Début juillet, des manifestants ont défilé dans des zones touristiques populaires de la ville espagnole de Barcelone, aspergeant des visiteurs avec des pistolets à eau et scandant «Touristes, rentrez chez vous». En avril déjà, des autochtones avaient protesté contre le tourisme excessif aux îles Canaries et appelé à une grève de la faim.
A peu près au même moment, la ville lagunaire italienne de Venise a été la première ville au monde à introduire un système de paiement pour les visiteurs afin de dissuader les excursionnistes de venir en ville aux heures de pointe. Une décision récente du conseil municipal de Venise prévoit de limiter à 25 le nombre de membres des groupes de touristes pouvant être accompagnés par des guides.
Sur les restrictions au tourisme
Les loyers explosent
L'Europe du Sud en a assez des touristes. Il existe plusieurs raisons à ce changement d'attitude.
En Espagne, les loyers et les prix de l'immobilier ont explosé. Il devient de plus en plus difficile pour les autochtones d'acquérir un logement. A Barcelone, les loyers ont augmenté de 68% au cours de la dernière décennie, écrit la BBC. La situation est similaire dans d'autres villes européennes.
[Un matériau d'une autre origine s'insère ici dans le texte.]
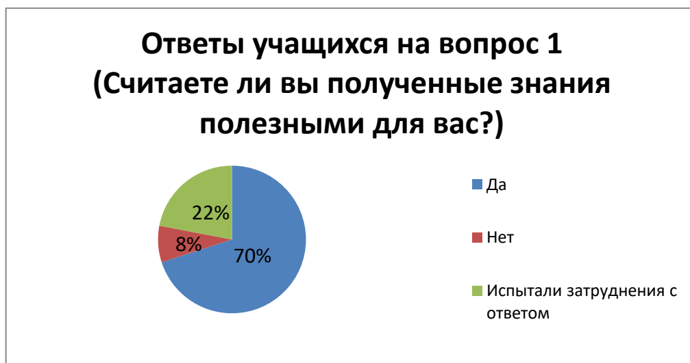
1.3.4. Диаграмма 4

Antje Martins est experte en tourisme durable à l'université du Queensland. Pour elle, ses manifestations sont un signe de mécontentement. Les autochtones ne tirent aucun bénéfice du tourisme qu'ils voient, assure-t-elle à la chaîne de télévision britannique.
Comportement irrespectueux
A Venise, le tourisme de masse a déjà entraîné la fermeture d'établissements de santé, le remplacement des commerces de proximité par des boutiques de souvenirs et un boom des prix de l'immobilier. Nous sommes sur le point d'atteindre un «point de non-retour», prévient Susanna Polloni, cofondatrice du «Solidarity Network for Housing», qui aide les Vénitiens à faire face aux défis du marché du logement moderne. «Nous pensons que notre appel à l'aide, lancé depuis une ville qui se meurt pour le profit de quelques-uns, devrait atteindre le monde entier», explique-t-elle à la BBC.
Mais il n'y a pas que le logement des touristes qui pose problème. Le comportement irrespectueux de certains vacanciers agace aussi de plus en plus les habitants du sud de l'Europe. A Florence, en Italie, une jeune femme a récemment été filmée en train d'embrasser et de se frotter à une statue du dieu romain de la fertilité, Bacchus. La mairie de la ville a critiqué le comportement de la touriste, y voyant un acte à caractère sexuel.
En 2023, un touriste avait fait la une des journaux, accusé d'avoir endommagé une statue de la fontaine de Neptune datant du 16e siècle sur la Piazza della Signori. La même année, un groupe de touristes étrangers est allé encore plus loin dans une villa – en détruisant complètement une précieuse statue.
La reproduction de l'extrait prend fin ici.